Отойдя к окну, не оборачиваясь, Олег произнёс:
– "Убиша дитя моё, но не будеви местника меж нами, но возложив на Бога! А Русской земли не погубим с тобой! А сноху мою поели ко мне, да бых оплакал мужа её, да с ней же кончав слёзы, посажу на месте, и сядет, аки горлица на сусе древе, жалеючи, и я утешуся!.." Угадал, монах?
– спросил Олег, обернувшись к Сергию.
– И ты нудишь меня паки простить Дмитрия? Но ежели я - не таков, как твой Мономах? Ежели я не прощаю обид, ежели я - лишён христианского смирения? Ежели я - изгой правой веры Христовой?

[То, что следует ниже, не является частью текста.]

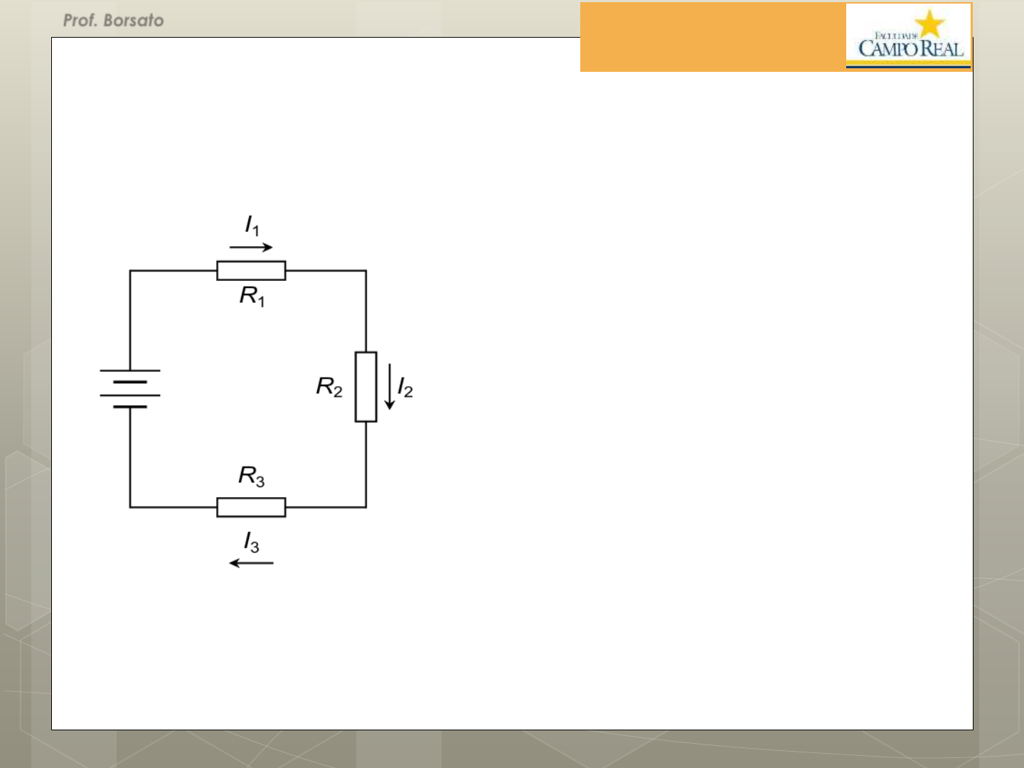 Prof. Borsato 63 PROPRIEDADES DA ASSOCIAÇÃO EM SÉRIE DE RESISTORES A corrente que circula pelos resistores é a mesma em qualquer ponto do circuito, porque só há um caminho por onde ela pode fluir. Então: I1 = I2 = I3 U Prof. Borsato 64 Cada resistor ficará submetido a uma d.d.p., de acordo com a Lei de Ohm: V1 = R1 · I1 V2 = R2 · I2 V3 = R3 · I3 A soma das tensões nos resistores é igual à força eletromotriz da fonte: U = V1 + V2 + V3 U Prof. Borsato 65 Para a fonte, é como se houvesse um único resistor no circuito solicitando cor- rente. Este resistor é o resistor equivalente Req: V = Req · I o resistor equivalente é igual à soma dos resistores associados: Req = R1 + R2 + R3 U U Prof. Borsato 66 PROPRIEDADES DOS RESISTORES ASSOCIADOS EM PARALELO Todos os resistores as- sociados são submetidos à mesma tensão V da fonte: U = V1 = V2 = V3 A corrente I fornecida pela fonte se divide pelos resistores associados, de modo que: I = I1 + I2 + I3 U Prof. Borsato 67 Da Lei de Ohm segue o cálculo das correntes individuais nos resistores: U Prof. Borsato 68 o resistor equivalente é obtido pela equação: Se somente dois resistores estiverem associados em paralelo, usa-se a regra do produto dividido pela soma: U Prof. Borsato 69 CIRCUITO ABERTO É o impedimento total à passagem da corrente elétrica através do circuito. É como se fosse ligado ao circuito um resistor de valor infinitamente grande, que representa oposição total à passagem da corrente elétrica. U Prof. Borsato 70 CURTO-CIRCUITO É a ligação intencional ou acidental entre dois ou mais pontos de um circuito, estando ou não sob d.d.p., através de um fio de resistência desprezível. U Prof. Borsato 71 O DIVISOR DE TENSÃO RESISTIVO O cálculo das tensões nos resistores é simplificado: Resistores em série formam um divisor de tensão resistivo: U U U U Prof. Borsato 72 EXERCÍCIO 3 Sabendo-se que a tensão no resistor R1 é 3 V, qual a tensão aplicada pela fonte? U Prof. Borsato 73 Solução: Como os resistores estão em série, a corrente em um deles é igual em qualquer ponto do circuito, inclusive no resistor equivalente. Req = R1 + R2 + R3 Req = 4 + 8 + 2 = 14 W A corrente no resistor 1 é obtida: Prof. Borsato 74 Sabendo que em resistores em série temos: I = I1 = I2 = I3 I = 0,75 A U = Req · I U = 14 · 0,75 U = 10,5 V Prof. Borsato 75 LEIS DE KIRCHHOFF São o resultado de um trabalho desenvolvido por Gustav Kirchhoff, que facilita o cálculo dos circuitos elétricos. Conceitos: Nó: é qualquer ponto do circuito onde concorrem três ou mais condutores. Prof. Borsato 76 Ramo: é qualquer trecho do circuito compreendido entre dois nós consecutivos. Prof. Borsato 77 Malha: é qualquer circuito fechado, formado por ramos. Prof. Borsato 78 A 1.ª Lei de Kirchhoff ou Lei dos nós diz que: A soma algébrica das correntes que chegam a um nó é igual à soma algébrica das correntes que saem deste nó. I1 + I2 = I3 Prof. Borsato 79 A corrente convencional, partindo da fonte e se dividindo pelos nós, polariza com sinal positivo o “lado” do resistor por onde ela entra. Dessa maneira, estabelecem-se as polaridades das tensões nos resistores: U Prof. Borsato 80 A 2.ª Lei de Kirchhoff ou Lei das Malhas diz: Percorrendo-se uma malha, num mesmo sentido, a soma das tensões nos elementos de circuito encontrados é igual a zero. Para aplicar a 2a Lei de Kirchhoff, considera-se, para cada tensão, o primeiro sinal encontrado no sentido do percurso. Para cada malha, o sentido do percurso é arbitrado. Prof. Borsato 81 –U + V1 + V3 + V2 = 0 U = V1 + V3 + V2 U Prof. Borsato 82 –V3 + V4 + V5 + V6 = 0 V3 = V4 + V5 + V6 U Prof. Borsato 83 – U + V1 + V4 + V5 + V6 + V2 = 0 U = V1 + V4 + V5 + V6 + V2 U Prof. Borsato 84 A resolução de circuitos elétricos contendo associações mistas de resistores não tem uma regra-padrão. Geralmente, há mais de uma maneira de visualizar o problema e encontrar a solução. A experiência é obtida com a prática. A seguinte sequência de etapas é sugerida, para resolver os circuitos de modo racional: 1. enumerar de modo organizado as grandezas conhecidas e aquelas a serem calculadas; 2. identificar os nós e as malhas do circuito; 3. atribuir a cada ramo do circuito o sentido para as correntes e a polaridade das tensões nos resistores; Prof. Borsato 85 4. escrever as equações de corrente para cada nó e as de tensões para cada malha, de acordo com as leis de Kirchhoff; 5. utilizar, sempre que possível, as propriedades das associações série e paralelo e a Lei de Ohm, para determinar tensões e correntes desconhecidas; 6. escolher as equações convenientes dentre aquelas obtidas na 4a etapa; cada equação só permite determinar uma incógnita, não sendo útil aquela que, após a substituição dos valores conhecidos, apresentar mais de um termo a ser determinado. Prof. Borsato 86 EXEMPLO No circuito abaixo: a) determinar a polaridade das tensões nos resistores; b) escrever as equações das tensões em todas as malhas; c) obter as tensões e as correntes em todos os resistores. Prof. Borsato 87 Solução: a) A corrente parte da fonte e percorre o circuito, se dividindo pelos resistores e polarizando-os como se vê: Prof. Borsato 88 As equações das correntes nos nós: nó b: I1 = I2 + I3 nó e: I2 + I4 = I1 Prof. Borsato 89 b) As equações das tensões nas malhas: malha a-b-e-f-a: V = V1 + V2 malha a-b-c-d-e-f-a: V = V1 + V3 + V4 malha b-c-d-e-b: V2 = V3 + V4 Prof. Borsato 90 c) Quando há resistores em série com a fonte, a corrente que percorre este resistor, neste caso, R1, é a mesma que sai da fonte. Para determinar a corrente fornecida pela fonte, deve ser conhecido o resistor equivalente do circuito: Prof. Borsato 91 Prof. Borsato 92 a corrente fornecida pela fonte: Conseqüentemente: I1 = 0,5 A V1 = R1 · I1 V1 = 10 · 0,5 = 5 V A equação da malha a-b-e-f-a: V = V1 + V2 10 = 5 + V2 V2 = 5 V Prof. Borsato 93 A corrente no resistor R2 é obtida pe

– Каждый русич - уже православный, - сказал Сергий.
– Каждый?
– Да! Приявший крещение принял в себя и все Заветы Христовы. Токмо не каждый понимает это, и потому многие грешат, но грешат по неведению, не зная своих же душевных сокровищ, не видя очами земными сокровенного света своего.
– А ты зришь сей свет и во мне, инок!
– Зрю, княже! Ты ведаешь и речёшь Истину, я же токмо внимаю тебе. Недостойного князя может поддержать и наставить достойный пастырь, даже недостойного пастыря можно пережить, дождав другого, достойного. Я боюсь иного, чтобы весь народ не возжаждал телесных услад и обогащения, не позабыл о соборном деянии, как то створилось в Византии. Вот тогда нашу землю будет уже не спасти. Мы - живы, доколе христиане есьмы, и потому подвиг иноческий достоит каждому из нас и возможен, исполним для каждого!

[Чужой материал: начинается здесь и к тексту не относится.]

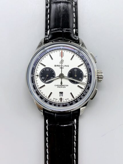 Breitling Premier B01 Chronograph Men’s Watch, Silver Panda Dial, Leather Strap(1:1 Super Clone)

Князь Олег посмотрел в глаза старца и опустил глаза.
– Значит, можно?
– спросил он.
– Да!
– ответил Сергий.
– Но почему Москва, - взорвался Олег, - почему не Тверь, не Нижний, не Рязань, наконец! Ну да, нам, рязанам, никогда не принадлежало Великое Владимирское княжество... Погоди, постой! И книжному научению мало обучены рязане, суровые воины, удальцы и резвецы, но не смыслённые мужи, не исхитрены в делах правленья и в мудрости книжной - всё так! И значит, Рязани не возглавить собор русичей! Но Нижний Новгород? Будь на месте Кирдяпы с Семёном... Да, ты - прав, монах. Одна Тверь, ежели бы уцелел и сохранил престол Михайло Ярославич... Вот был князь! Не бысть порока в нём! И скажешь, монах, что тогда бы воздвиглась брань с Ордой, и Рязани стало бы не уцелеть в той пре? И значит, все усилия наши, и спор с Литвой, и одоления на татар - впусте и послужат токмо вящему возвышению Москвы? И людины, весь язык, захотят сего? Или, мнишь, ежели и не захотят, то стерпят, зане христиане суть и Небесным Учителем приучены к Терпению, без Которого не устраивается никакая власть? И будут жертвовать, и будут класть головы во бранях, лишь бы стояла великая власть в Русской земле? Но Литва?